● **TASK TO COMPLETE**
Take the records below and set down exactly the lines from the one with "從8月各類(lèi)型電池裝" to the one with "This dashing Ritter", ends included; do not copy the pictures.

● **DATA SUPPLIED**

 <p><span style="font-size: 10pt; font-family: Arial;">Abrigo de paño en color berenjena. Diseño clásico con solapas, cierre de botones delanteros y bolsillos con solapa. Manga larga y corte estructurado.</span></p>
--
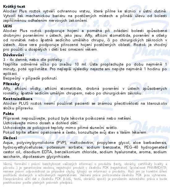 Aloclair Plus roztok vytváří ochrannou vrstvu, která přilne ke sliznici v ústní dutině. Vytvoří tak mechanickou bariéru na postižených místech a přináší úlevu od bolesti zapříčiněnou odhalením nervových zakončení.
---
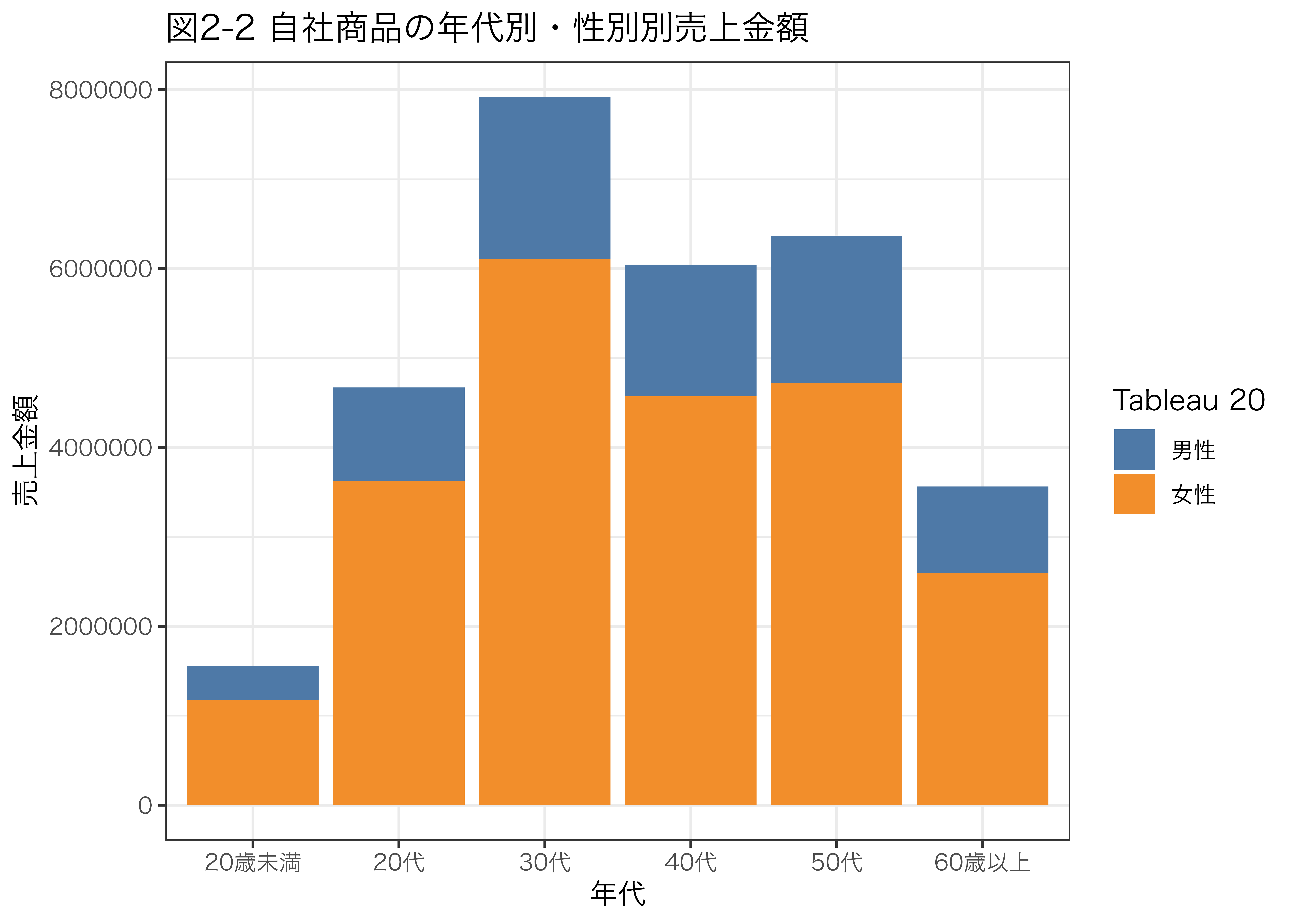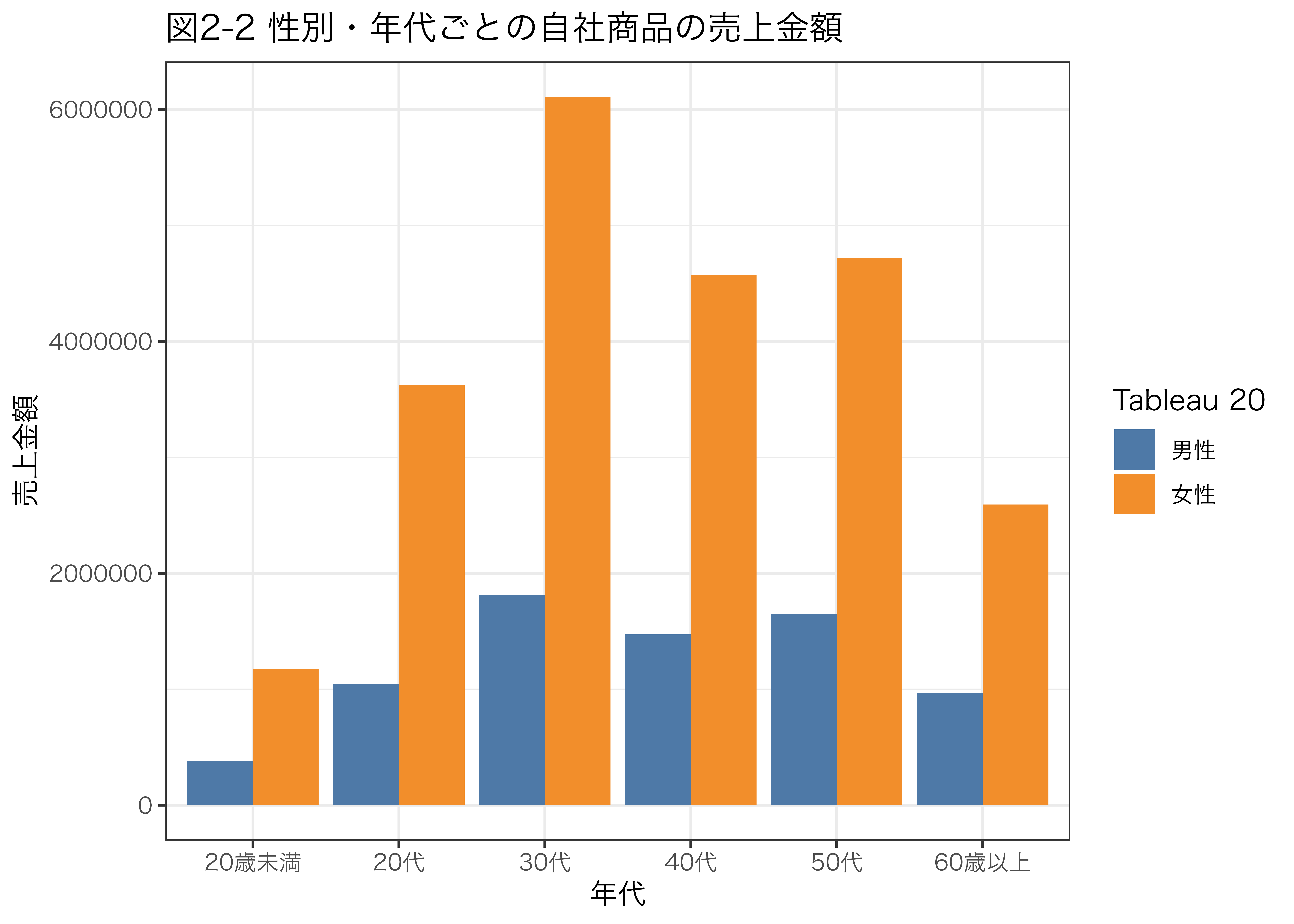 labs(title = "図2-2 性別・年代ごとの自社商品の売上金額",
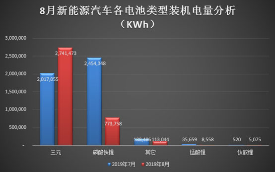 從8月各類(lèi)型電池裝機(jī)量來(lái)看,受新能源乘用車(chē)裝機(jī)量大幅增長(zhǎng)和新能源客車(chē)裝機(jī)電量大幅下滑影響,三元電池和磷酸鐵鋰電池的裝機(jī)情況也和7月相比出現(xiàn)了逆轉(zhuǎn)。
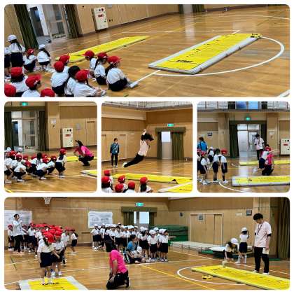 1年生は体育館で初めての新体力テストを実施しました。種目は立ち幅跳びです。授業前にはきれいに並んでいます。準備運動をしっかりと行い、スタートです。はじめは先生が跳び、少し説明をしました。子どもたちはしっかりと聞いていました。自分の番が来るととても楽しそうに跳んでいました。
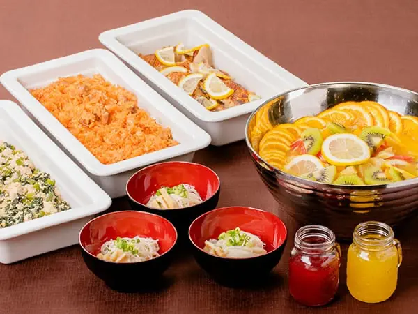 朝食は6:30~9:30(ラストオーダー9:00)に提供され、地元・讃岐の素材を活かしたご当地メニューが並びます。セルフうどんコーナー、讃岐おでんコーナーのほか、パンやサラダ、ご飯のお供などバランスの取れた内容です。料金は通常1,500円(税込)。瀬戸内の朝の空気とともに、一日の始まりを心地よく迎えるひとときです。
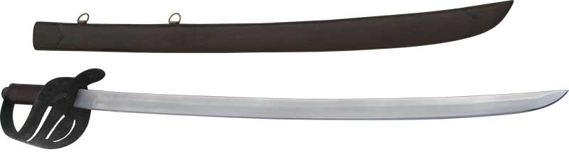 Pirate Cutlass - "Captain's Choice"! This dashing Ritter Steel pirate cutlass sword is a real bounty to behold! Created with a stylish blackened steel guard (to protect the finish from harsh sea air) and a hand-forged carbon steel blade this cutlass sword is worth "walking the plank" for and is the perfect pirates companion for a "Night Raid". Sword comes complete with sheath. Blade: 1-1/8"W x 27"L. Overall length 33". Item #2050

● **TASK SOLUTION**
 從8月各類(lèi)型電池裝機(jī)量來(lái)看,受新能源乘用車(chē)裝機(jī)量大幅增長(zhǎng)和新能源客車(chē)裝機(jī)電量大幅下滑影響,三元電池和磷酸鐵鋰電池的裝機(jī)情況也和7月相比出現(xiàn)了逆轉(zhuǎn)。
 1年生は体育館で初めての新体力テストを実施しました。種目は立ち幅跳びです。授業前にはきれいに並んでいます。準備運動をしっかりと行い、スタートです。はじめは先生が跳び、少し説明をしました。子どもたちはしっかりと聞いていました。自分の番が来るととても楽しそうに跳んでいました。
 朝食は6:30~9:30(ラストオーダー9:00)に提供され、地元・讃岐の素材を活かしたご当地メニューが並びます。セルフうどんコーナー、讃岐おでんコーナーのほか、パンやサラダ、ご飯のお供などバランスの取れた内容です。料金は通常1,500円(税込)。瀬戸内の朝の空気とともに、一日の始まりを心地よく迎えるひとときです。
 Pirate Cutlass - "Captain's Choice"! This dashing Ritter Steel pirate cutlass sword is a real bounty to behold! Created with a stylish blackened steel guard (to protect the finish from harsh sea air) and a hand-forged carbon steel blade this cutlass sword is worth "walking the plank" for and is the perfect pirates companion for a "Night Raid". Sword comes complete with sheath. Blade: 1-1/8"W x 27"L. Overall length 33". Item #2050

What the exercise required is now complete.